The doctor pulled out a small bright light and held it up to Clark's face. “Okay, Superman, keep looking at the far wall.” He did so, and the doctor moved the light around. “Uh huh. Okay, now look over there, please.” Clark obeyed. More flashing. The doctor paused. “Now I want you to focus on…” He looked around, spotted a small sign at great distance. “Read that sign slowly, if you would.”
He peered into Clark's eyes as he did so. “Whoa!” The physician flinched backwards, aghast. A moment later, he swallowed. “My apologies. I've just…never…seen… eyes… do that, before.” He seemed to gather himself. “Again, please.”
The microscopic vision was next, followed by X-rays, which baffled the physician entirely. “I really have no idea how you're doing that, Superman, but yes, I did break my fourth rib—in high school football. You don't even seem to be using the same optics for that.” He grunted with effort as he set down the heavy brick he had been using to block parts of Clark's field of view.
“I'm a little scared to try looking into your eyes while you attempt heat vision. Maybe we could risk David's camera…”

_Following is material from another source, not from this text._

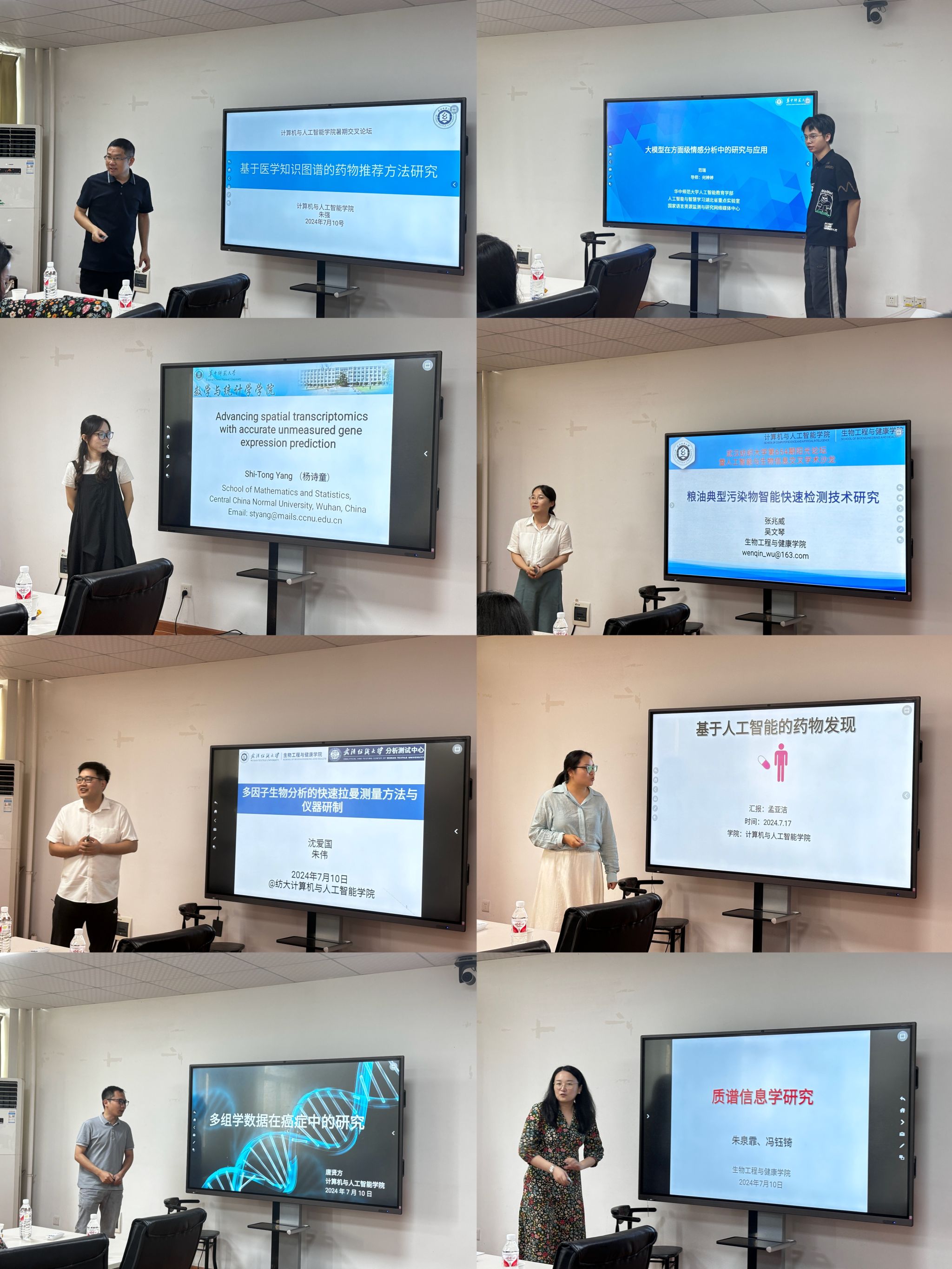 围绕人工智能与生物信息等内容,来自华中师范大学、公司生物工程与健康公司及365英国上市的八位博士依次作了详尽而深入的研究成果报告,内容涵盖了医学知识图谱、基因表达预测、多层次组学数据分析等多个方向。冯钰琦教授对博士们的报告给予了细致的指导。

The experiment revealed nothing, and Dr. Harper looked chagrined. “I'm sorry, Superman. I honestly have no idea how your eyes could emit beams of infrared radiation under any circumstances. You seem to be focusing your eyes as if to aim; and if your retina could somehow generate converging waves of infrared, your ocular systems would focus it where you are staring, but I don't see how that could be possible. It's been a while since physics class, but I thought converging waves like that didn't occur in nature.”
“So, you're saying that in this place, this world, my heat vision is impossible?”
“Superman, I honestly don't know. I'm guessing. You've obviously got more than just rods and cones in there. The fact that it's not working, and that you're feeling pain and weakness when you try, suggests to me that your body is somehow using an energy source—which I can't begin to understand, by the way—to generate the heat, but something is going wrong and you're unable to transmit it, so you're effectively burning yourself. I'd advise you not to try it too often; you may injure yourself. All I can do is fall back on the basics, Superman—pain usually means you're doing something you shouldn't. Respect the signals your body is sending you. To be perfectly frank, Superman, I think maybe you ought to speak to a physicist.”
“Is that a referral to a specialist?” Clark asked with a grin.
“If you like. I'm sorry I couldn't whip up an instant explanation like you're used to, Superman, but this isn't a comic book and I'm not the world's greatest physician.”
Clark grimaced. “Does everybody know about that?”
The doctor looked sympathetic. “Does everybody in your world know about Santa Claus?”
“That bad, huh?” The doctor nodded. Clark sighed. “I've been avoiding it, but I suppose I ought to look myself up in the library.”
The doctor pursed his lips. “Well, actually…You probably want a comic book store.”